The Fragmented Social Web July 25
When it comes to fragmentation of audiences, markets, and media, the trend line is clear: we are collectively becoming not a single audience of billions but a million audiences of thousands, hundreds, or even one.

It’s a fascinating long term side-effect of media decentralization that’s been predicted for decades by media visionaries like Marshall McLuhan (pictured right) and, dare I say, Andy Warhol. The one-to-many paradigm of network television and weekly newsmagazines understandably has a homogenizing effect, both in reinforcing a common identity and in shaping public opinion. The many-to-many model of social media and its various manifestations (blogs, wikis, social bookmarks) has been turning this model upside-down.
Of course marketers have been using this to their advantage for years, from the highly targeted narrowcasting as seen in political campaigns to highly personalized direct mail.
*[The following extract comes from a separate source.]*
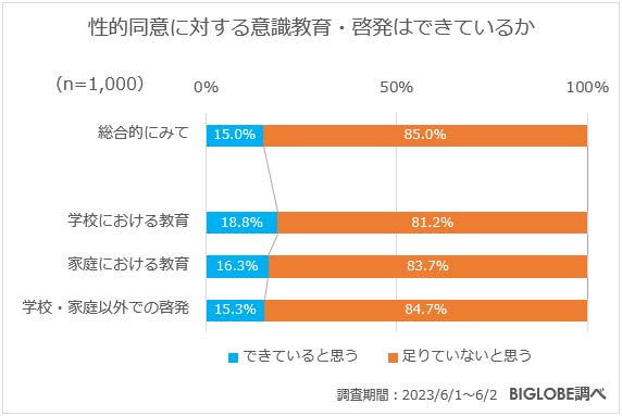 「性的同意に対する意識教育・啓発はできているか」を学校/家庭/学校・家庭以外でそれぞれ質問したところ、「できていると思う」と回答した人の割合が一番高かった学校でも18.8%しかなく、総合的にみても15.0%と低い割合となった。
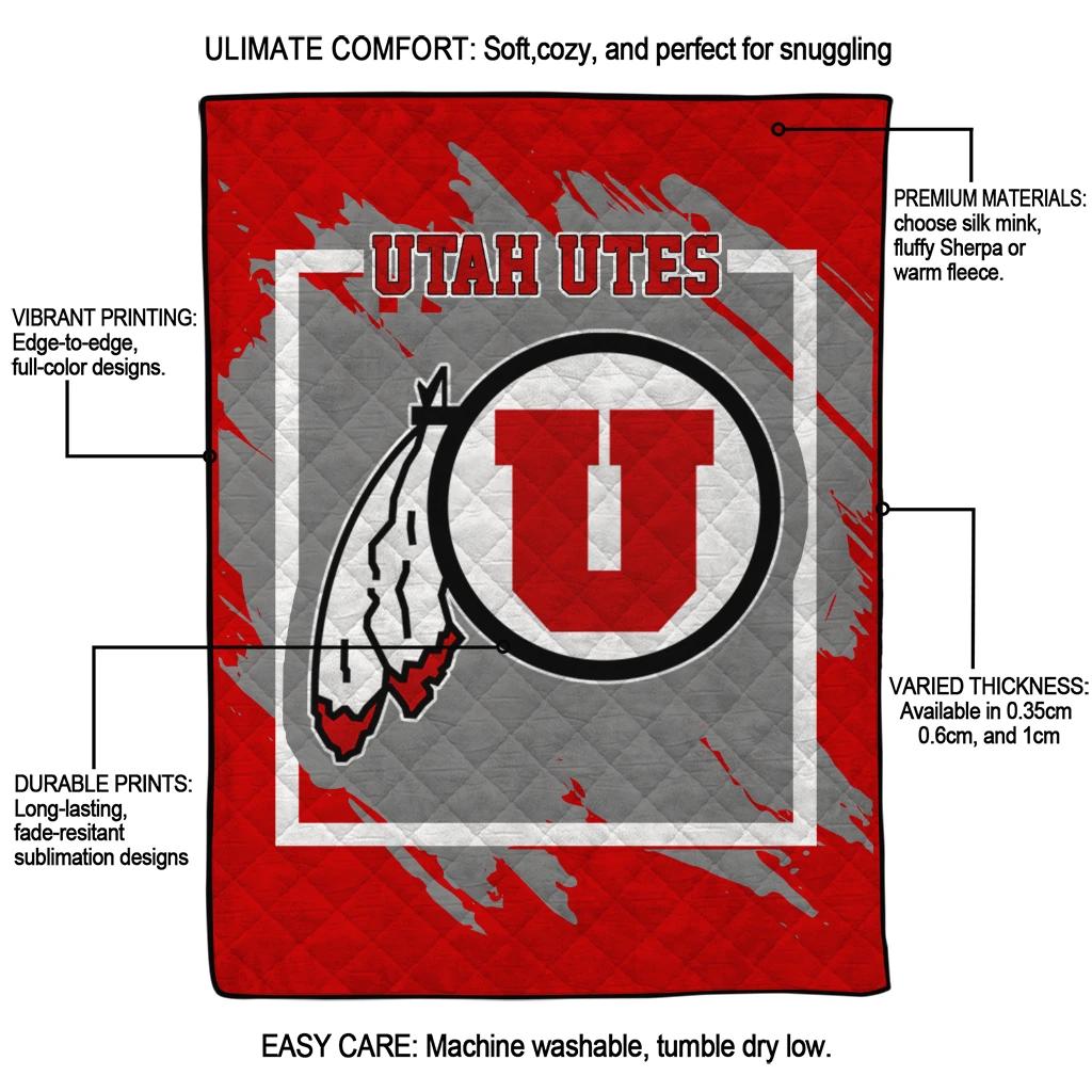 Wrap yourself in warmth and pride with the Utah Utes Block Border Red Quilt Blanket from the Utah Utes Blankets collection at Yes That Blanket. Made from 100% premium quilting-weight polyester blended with a touch of microfiber, this quilt offers a smooth, soft finish you’ll love. Choose between two quilting styles—Stipple or Diagonal—and enjoy the comfort of a cotton-filled layer inside that adds extra coziness for every season. The border is available in classic black or white, giving your design a clean, timeless edge.

But the social web is both responding to and further cultivating this fragmentation.
Social platforms like Ning have emerged to provide ad hoc and on-demand networks meant to service everything from 5-person knitting clubs to Jay Z’s millions of fans. The single-network solutions like MySpace and Facebook have been incredibly powerful in generating public awareness of social networks. But they have discovered that the users of today’s web are a fickle bunch, quick to respond to trends and coalesce en masse around newcomers - a lesson that the now-irrelevant Friendster learned all too well and too late.
The lesson: social platforms must be nimble and highly adaptable to both enable and foster the niche micro-networks that will drive increasing specialization and fragmentation among the web’s one and a half billion users. The new social web is not a single network but a vast array of millions of them.